Dog bites and skin cancer can result in large tissue defects. The skin, cartilage, and mucosa (inner lining of the nose) can all be involved. The surgeon may need to replace the cartilage framework with tissue and obtain tissue from the septum or ear. The mucosa may require flaps of adjacent mucosa which are rotated into position. Finally, the skin is where art meets function. The surgeon may have to remove full-thickness skin grafts from one spot (usually in front of the ear) and place them into a defect. The skin will integrate with the surrounding tissues over time and is a relatively fast, easy procedure for small defects.
The surgeon may have to create local tissue flaps from creating designs of adjacent skin that are incised and rotated to fill the defect. They must craft the flaps to be the perfect size to allow for good function and camouflage. At times, the surgeon may require multiple stages to attain full skin coverage in cases in which they create axial or pedicle flaps from the forehead or cheek. The reason for this is to establish blood flow and slowly create the ideal, anatomic contour. Also, despite best efforts, the cosmesis may not be ideal. That’s where we employ CO2 laser and Intense Pulsed Light to help revise the tissues and scarring with great success.
Drugs such as cocaine and autoimmune diseases like Wegener’s can destroy cartilage, particularly in the septum. Cocaine creates perforations within the septum as does Wegener’s. This can lead to a lack of support to the nose creating a saddle nose deformity. This requires substantial reconstruction using rib cartilage.
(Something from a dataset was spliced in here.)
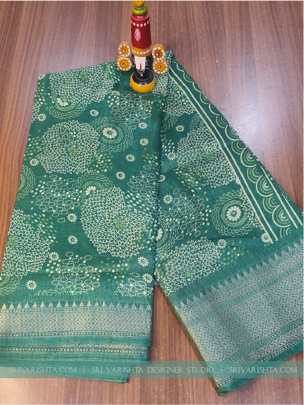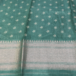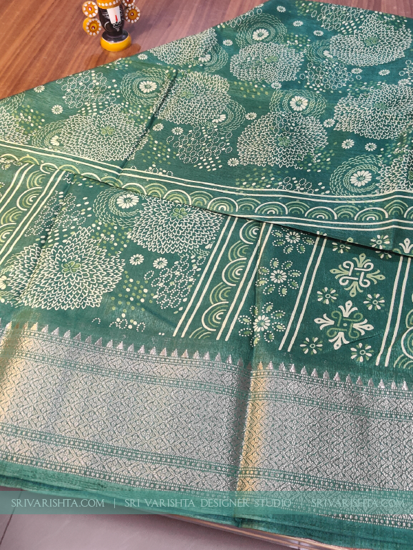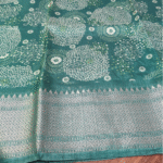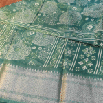 The intricate digital prints add a modern artistic flair, while the shimmering zari border enhances the saree’s regal charm. Lightweight yet opulent, this saree seamlessly blends traditional craftsmanship with contemporary aesthetics. Pair it with a matching blouse and statement accessories for a standout look.

It is critical to ensure that all drug usage has permanently stopped. Also, in the case of Wegener’s Granulomatosis, a doctor must confirm the diagnosis and control the symptoms using medicines under the guidance of a rheumatologist. Trauma is a unique opportunity to restore form and function to the nose. If possible, the surgeon can repair the nose in one stage. Sometimes, though, it is in the patient’s best interest to stage procedures over weeks to months for the best outcome.
The cleft lip-nose is a congenital deformity that occurs during the formation of the nose and lip in utero. The lip can have a small or substantial portion missing that requires correction due to feeding needs. The nose with its relation close to the upper lip may be affected as well. With this condition, the nasal tip pulls to the side opposite of the cleft as does the septum. The nostril on the side of the cleft is horizontally oriented and pulled posteriorly, and the tip is under-projected and wide. There are varying degrees of deformity though the aforementioned description is considered classic for cleft nose.
Correction of this deformity often requires a multi-stage approach via multiple surgeries over months to years. A multidisciplinary team is often required for younger children; the nasal repair must occur over time as the facial skeleton and nose continue to develop toward maturity. Breathing concerns are corrected using septoplasty. The surgeon must utilize grafting and an open approach for the most meticulous correction. The nostril often requires substantial reorientation in tandem with unique grafts and local flaps.
Although the surgeon will have to complete the surgery in multiple stages, the results cosmetically and functionally can be quite good. We even see patients who had their initial procedures as children and wait decades to undergo further refinement. This does not preclude a rhinoplasty and it can be helpful as goals are often very realistic.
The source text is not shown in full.